# Task
Could you retype exactly the lines below between the one holding "近日,安徽省屯溪高压阀门有限" and the one holding "This bingo card", inclusive, leaving out any pictures?

═════ Exercise material ═════

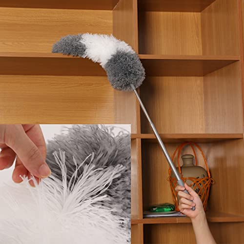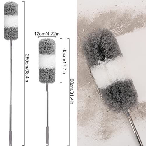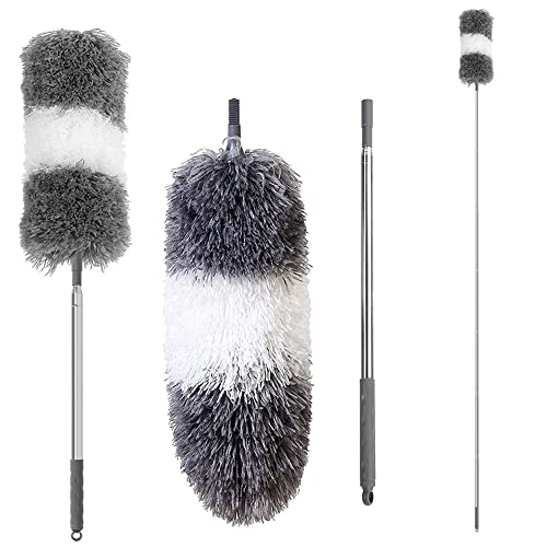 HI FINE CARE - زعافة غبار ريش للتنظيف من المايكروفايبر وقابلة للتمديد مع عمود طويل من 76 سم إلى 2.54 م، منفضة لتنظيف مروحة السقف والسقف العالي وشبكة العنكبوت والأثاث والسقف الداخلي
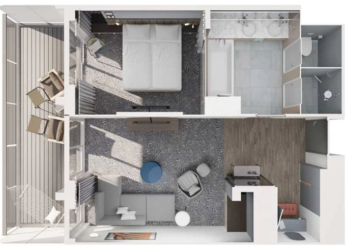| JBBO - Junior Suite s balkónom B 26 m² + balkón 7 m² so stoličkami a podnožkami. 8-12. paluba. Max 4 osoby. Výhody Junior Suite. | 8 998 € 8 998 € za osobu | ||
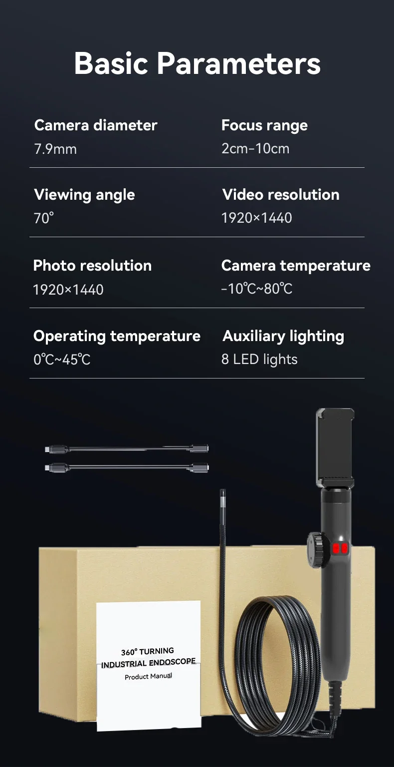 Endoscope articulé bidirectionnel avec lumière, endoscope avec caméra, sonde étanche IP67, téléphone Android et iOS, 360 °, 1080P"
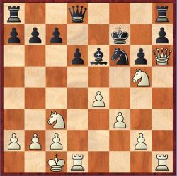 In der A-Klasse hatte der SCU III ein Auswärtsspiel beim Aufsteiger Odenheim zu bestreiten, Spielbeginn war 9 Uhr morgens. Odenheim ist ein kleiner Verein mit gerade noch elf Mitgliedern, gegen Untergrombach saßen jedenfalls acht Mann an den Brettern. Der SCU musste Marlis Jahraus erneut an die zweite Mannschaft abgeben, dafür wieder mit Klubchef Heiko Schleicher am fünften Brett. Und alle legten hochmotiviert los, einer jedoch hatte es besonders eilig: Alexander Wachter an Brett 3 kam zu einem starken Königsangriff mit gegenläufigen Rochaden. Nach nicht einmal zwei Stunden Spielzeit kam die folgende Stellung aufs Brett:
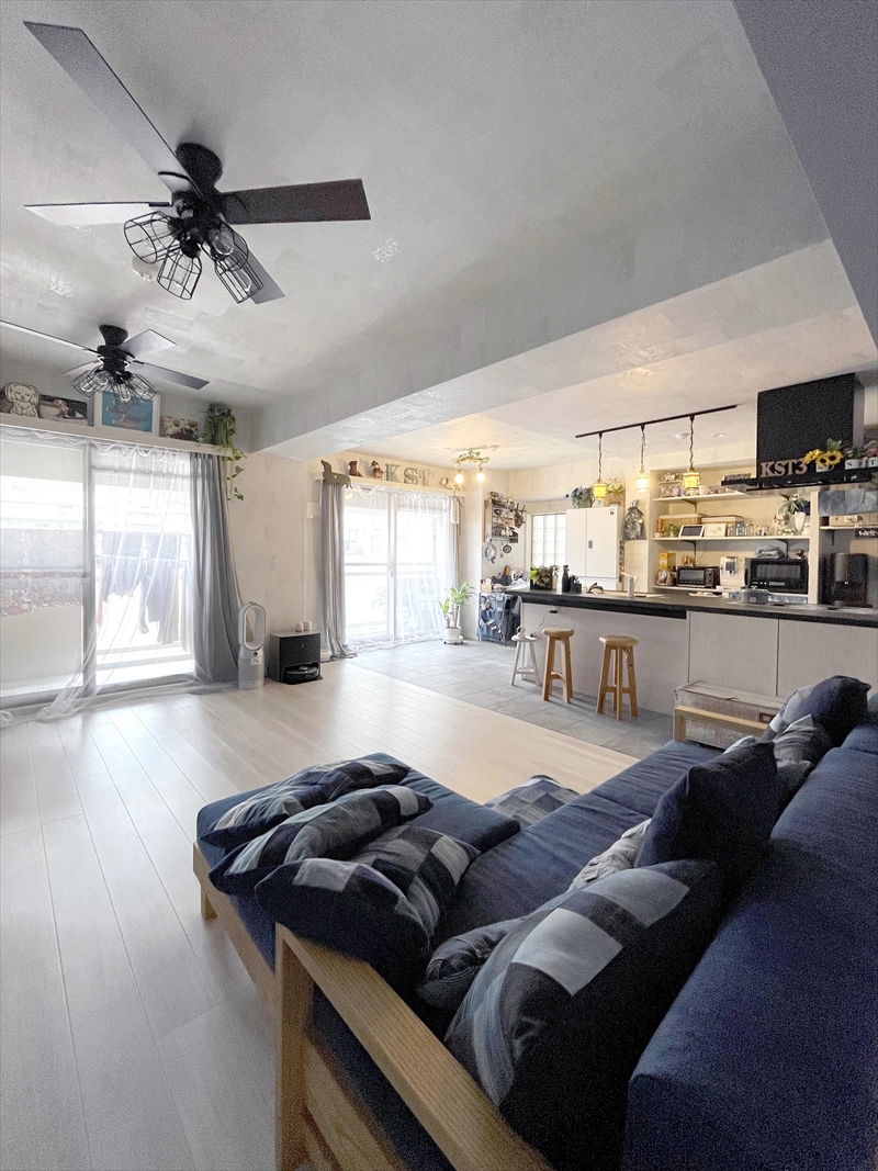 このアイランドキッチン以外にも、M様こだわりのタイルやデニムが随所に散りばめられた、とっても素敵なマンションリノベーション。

═════
═════ Exercise material ═════

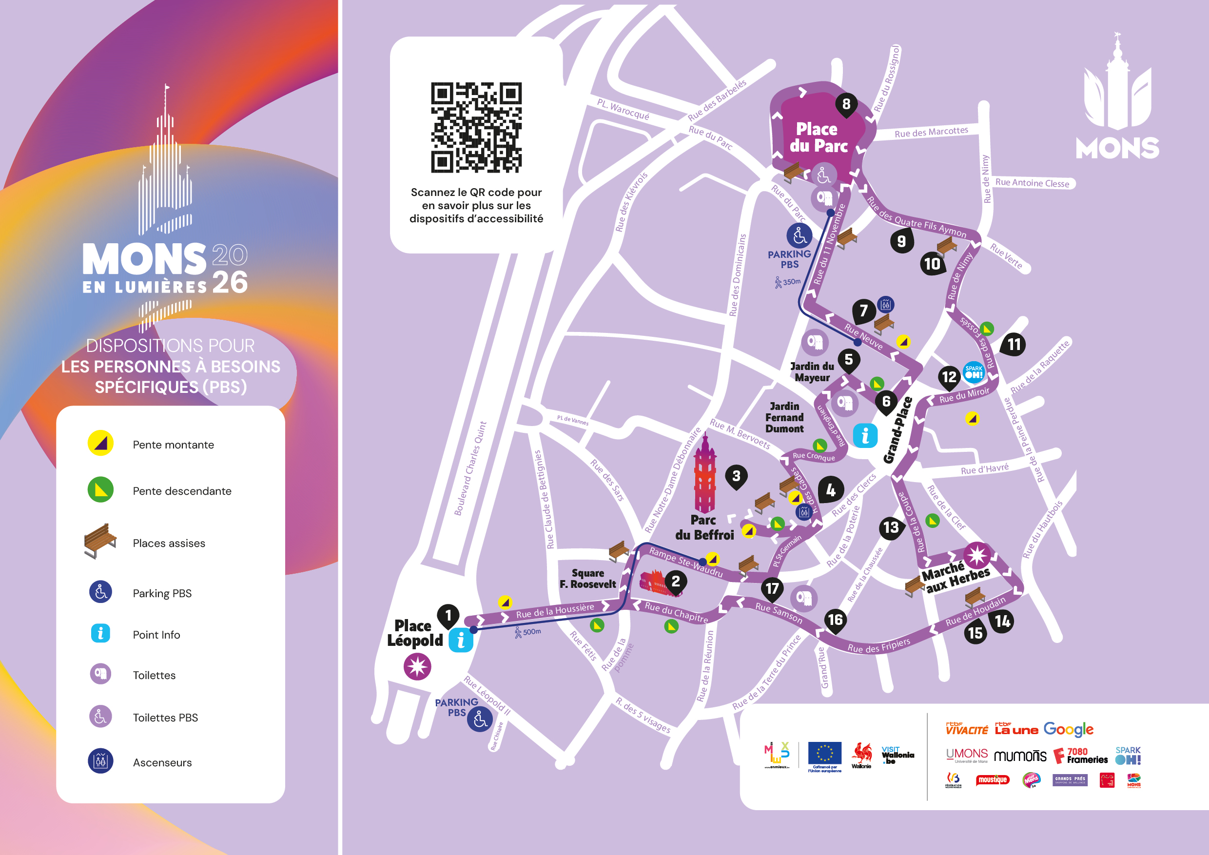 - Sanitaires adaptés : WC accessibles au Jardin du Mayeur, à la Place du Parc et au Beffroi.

═════
═════ Exercise material ═════

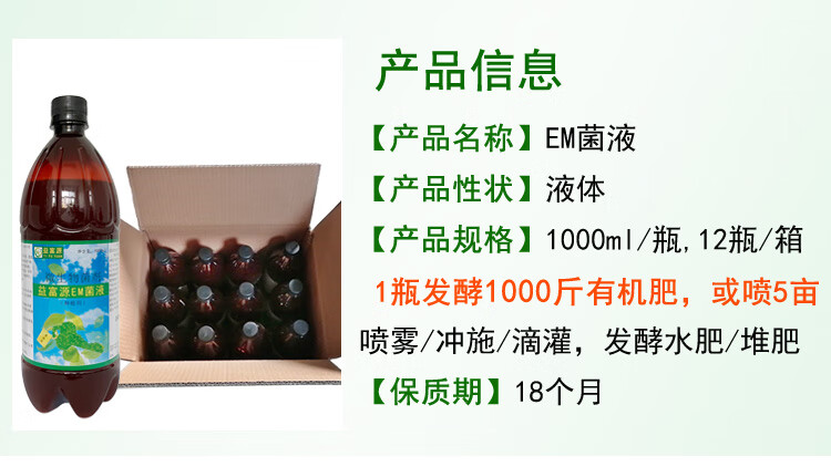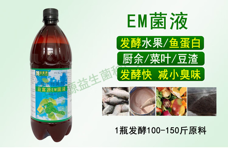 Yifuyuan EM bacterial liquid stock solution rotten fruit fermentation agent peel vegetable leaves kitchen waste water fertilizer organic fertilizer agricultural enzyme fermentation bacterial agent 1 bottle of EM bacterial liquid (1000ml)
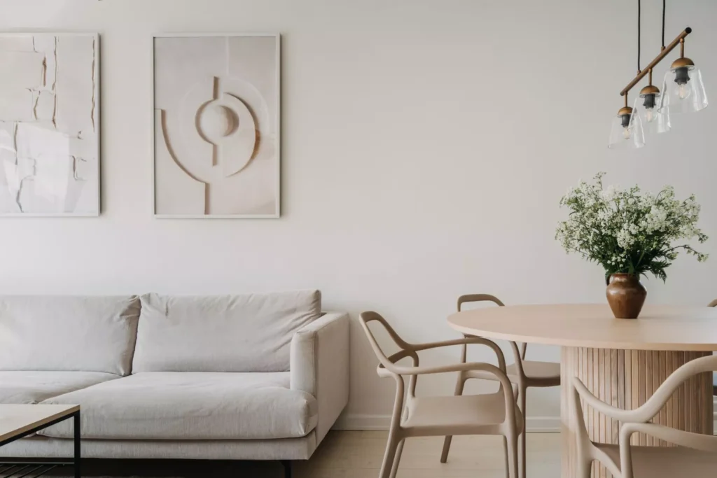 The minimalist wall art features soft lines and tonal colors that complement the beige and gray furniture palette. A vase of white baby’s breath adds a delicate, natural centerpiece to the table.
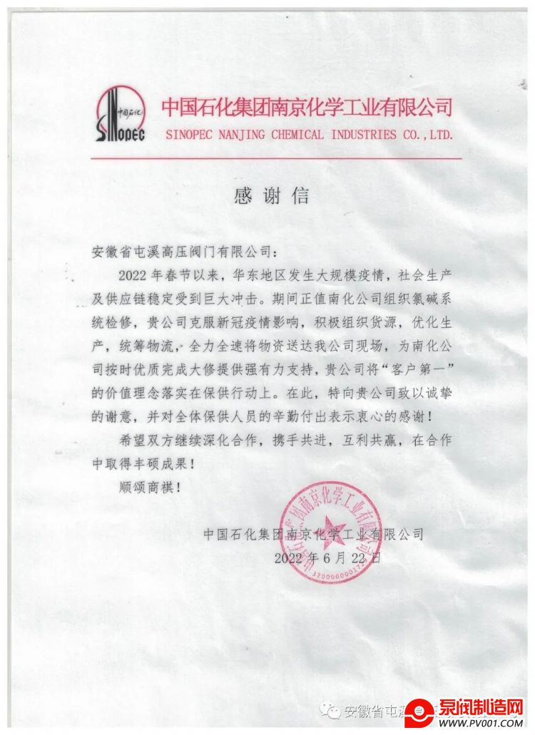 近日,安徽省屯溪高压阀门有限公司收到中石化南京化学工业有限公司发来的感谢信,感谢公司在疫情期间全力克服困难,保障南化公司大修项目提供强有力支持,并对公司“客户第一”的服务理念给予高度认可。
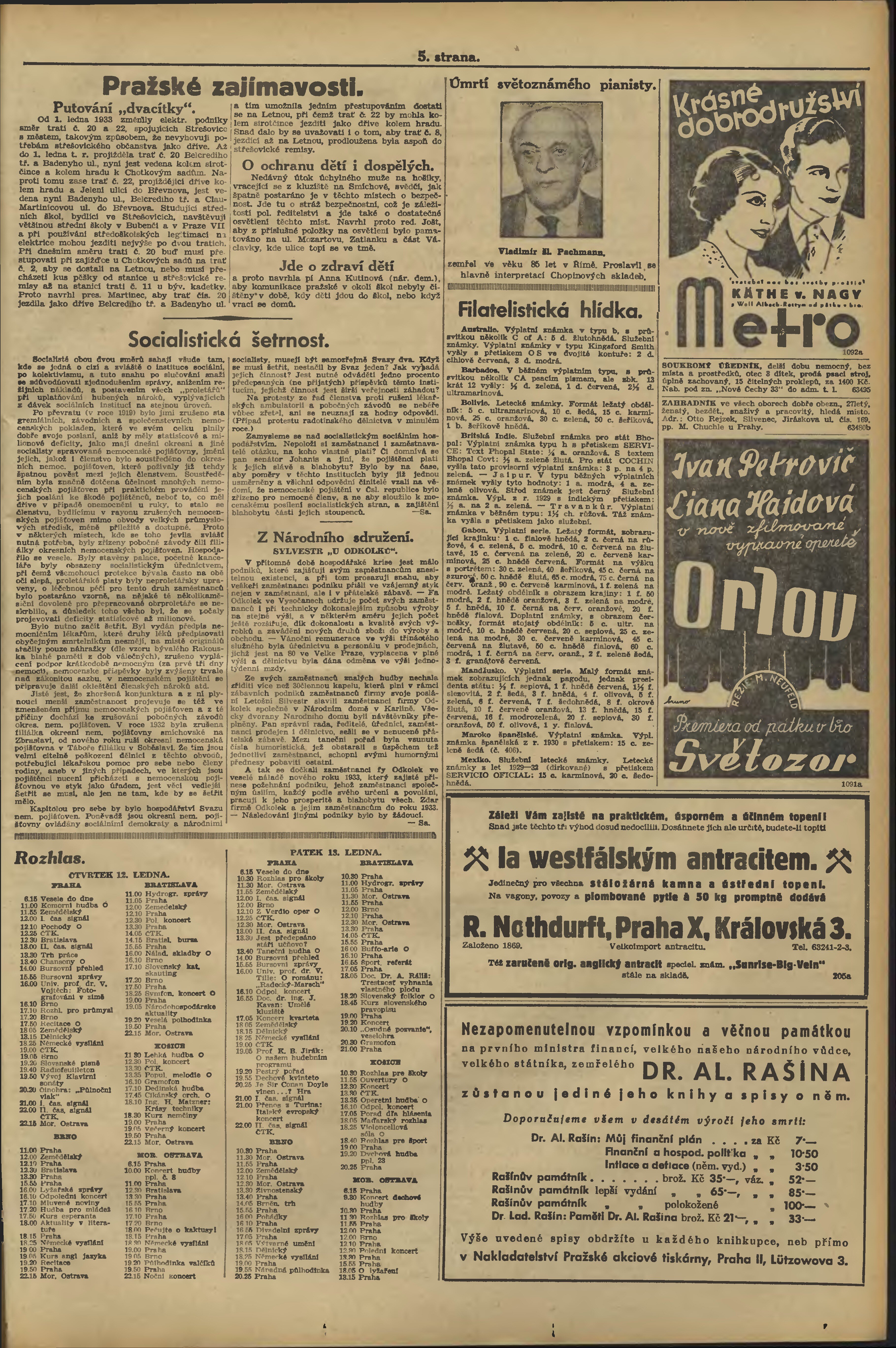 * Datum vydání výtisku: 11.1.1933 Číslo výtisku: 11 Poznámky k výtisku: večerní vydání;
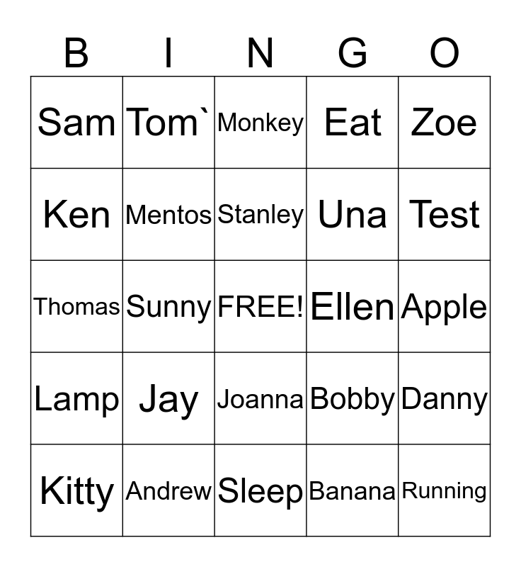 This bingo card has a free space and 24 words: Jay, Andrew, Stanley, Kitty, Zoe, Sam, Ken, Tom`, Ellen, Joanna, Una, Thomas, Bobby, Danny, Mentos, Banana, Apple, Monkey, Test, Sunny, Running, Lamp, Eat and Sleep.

═════

# Result below
 近日,安徽省屯溪高压阀门有限公司收到中石化南京化学工业有限公司发来的感谢信,感谢公司在疫情期间全力克服困难,保障南化公司大修项目提供强有力支持,并对公司“客户第一”的服务理念给予高度认可。
 * Datum vydání výtisku: 11.1.1933 Číslo výtisku: 11 Poznámky k výtisku: večerní vydání;
 This bingo card has a free space and 24 words: Jay, Andrew, Stanley, Kitty, Zoe, Sam, Ken, Tom`, Ellen, Joanna, Una, Thomas, Bobby, Danny, Mentos, Banana, Apple, Monkey, Test, Sunny, Running, Lamp, Eat and Sleep.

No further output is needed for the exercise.